Multiscale Growth Kinetics of Model Biomolecular Condensates Under Passive and Active Conditions

TL;DR

This study investigates how enzymatic activity influences the formation, structure, and growth kinetics of biomolecular condensates using a model system, revealing distinct passive and active assembly mechanisms and their effects on condensate properties.

Contribution

It introduces a multiscale approach combining experiments and simulations to elucidate the effects of enzymatic activity on condensate growth and structure, advancing understanding of membraneless organelle dynamics.

Findings

Passive condensates grow via nucleation-driven coalescence.

Active condensates initially form a fractal structure that matures over time.

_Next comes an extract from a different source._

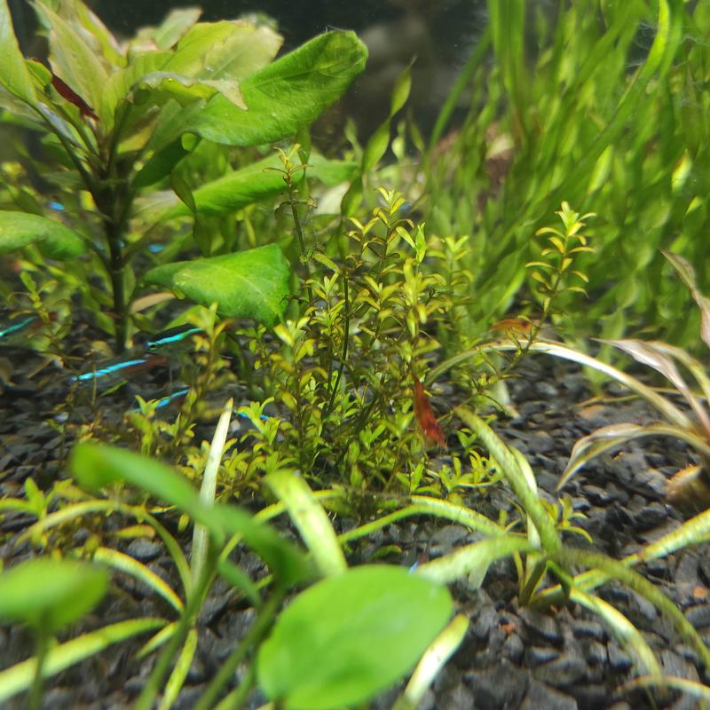 Так вот, креветки креветками, но если вернутся к изменению света ( то что я поменял 1 обычную лампу на 2 светодиодных прожектора) это принесло свои плюсы и минусы. Плюсы это то что по моему мнению свет растениям нравится, и мне приятнее когда всё ярко и чисто смотрится. Минусы , не скрою , предсказуемы, появились водоросли такие как ,,бурые,, но только на 1 виде растений Хемиантус (микрантемум) микрантемоидес, появился олений рог и нитчатые (от них сейчас страдает мох на коряжке).

Peptide diffusivity is twice as high in active condensates.

Abstract

Living cells exhibit a complex organization comprising numerous compartments, among which are RNA- and protein-rich membraneless, liquid-like organelles known as biomolecular condensates. Energy-consuming processes regulate their formation and dissolution, with (de-)phosphorylation by specific enzymes being among the most commonly involved reactions. By employing a model system consisting of a phosphorylatable peptide and homopolymeric RNA, we elucidate how enzymatic activity modulates the growth kinetics and alters the local structure of biomolecular condensates. Under passive condition, time-resolved ultra-small-angle X-ray scattering with synchrotron source reveals a nucleation-driven coalescence mechanism maintained over four decades in time, similar to the coarsening of simple binary fluid mixtures. Coarse-grained molecular dynamics simulations show that peptide-decorated RNA chains assembled shortly after mixing constitute the relevant subunits. In contrast, actively-formed condensates initially display a local mass fractal structure, which gradually matures upon enzymatic activity before condensates undergo coalescence. Both types of condensate eventually reach a steady state but fluorescence recovery after photobleaching indicates a peptide diffusivity twice higher in actively-formed condensates consistent with their loosely-packed local structure. We expect multiscale, integrative approaches implemented with model systems to link effectively the functional properties of membraneless organelles to their formation and dissolution kinetics as regulated by cellular active processes.